Wagner begs to differ. After allowing that he respects the office of the
presidency, Wagner pulls no punches whether the topic is the President, state
government, or the 13 attorneys.
The 13 attorneys? What's up with that?
You guessed it. Here is a man who founded his first business when he was 20,
turning his passion for skiing into a ski shop. Working night and day, he began
adding rental properties and Laundromats. By 1985 he began a waste company,
developed it in 12 years, sold it -- and had so much fun he did it again,
starting in 2000.
In 2000, Wagner began Penn Waste. Contrary to the impression left by President
Obama, Mr. Wagner has built his business into a considerable success without the
President's input. Respectfully, he calls Barack Obama "totally clueless," the
presidential socializing profits routine leaving Wagner feeling "insulted."
Wagner notes crisply that it was he who has "borrowed, leveraged and worked 100
hour work weeks" to build a company that now employs 300 people as it provides
waste disposal services with 100 trucks in six Pennsylvania counties. All told,
Scott Wagner is involved in 9 different businesses, directly or indirectly
employing over a thousand people.
And the 13 attorneys.
By now you can imagine. Scott Wagner is awash in government regulations --
and he needs to retain 13 outside attorneys just to figure out how to satisfy
bureaucrats he says make a profession not of helping entrepreneurs but of
finding something they are doing wrong. Then fining them for it.

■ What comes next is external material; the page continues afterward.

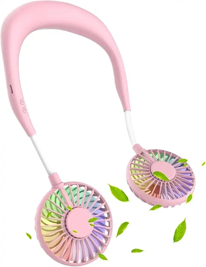 amazon.aeHand Free Mini USB Personal Fan - Rechargeable Portable Headphone Design Wearable Neckband Fan,3 Level Air Flow,7 LED Lights,360 Degree Free Rotation Perfect for Sports,Office and Outdoor (Pink)
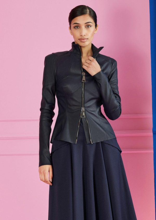 a biker jacket with a cocktail dress? you betcha! this is precisely why our designers created this leather jacket. the piece is understated thanks to its slim fit. on closer inspection, the sophisticated seams and the stand-up collar catch the eye, giving the jacket its avant-garde character. super soft stretch leather caresses your curves and accentuates your slender waist. the xl zipper adds an great unusual detail. whether you choose to team it with jeans and a t-shirt for a daytime shopping trip or pair it with our elegant fit & flare cocktail dress in the evening – with this leather jacket, you’ll always look stylish.

And by the way,
put Scott down as highly skeptical that bureaucrats are even capable of holding
a job in the private sector.
In other words, Scott Wagner was one frustrated Pennsylvanian. Fed up.
CAP was his kind of deal.
And Scott wasn't alone. He is one of several capitalists who banded together
to form CAP.
They include among others Frederick Anton, the longtime president of the Pennsylvania Manufacturer's
Association. PMA has had a long and distinguished 103-year old history in
Pennsylvania as an advocate for free market economics. In fact, the history of
PMA itself is reflective of the once formidable role capitalism played inside a
state filled to overflowing with capitalists in businesses like steel, banking,
railroads, lumber, and oil. PMA was founded in 1909 by a Bucks County textile
manufacturer named Joseph R. Grundy. Befitting a state with such a heavy
manufacturing presence, the influence of PMA and the capitalists it represented
was considerable. At one point -- in 1929 -- Grundy himself was appointed by the
governor to fill a vacancy in the United States Senate.
As time wore on, however, PMA and capitalism in general began to see its
influence wane as the power of public employee unions and trial lawyers -- the
very targets today of CAP -- began to surge.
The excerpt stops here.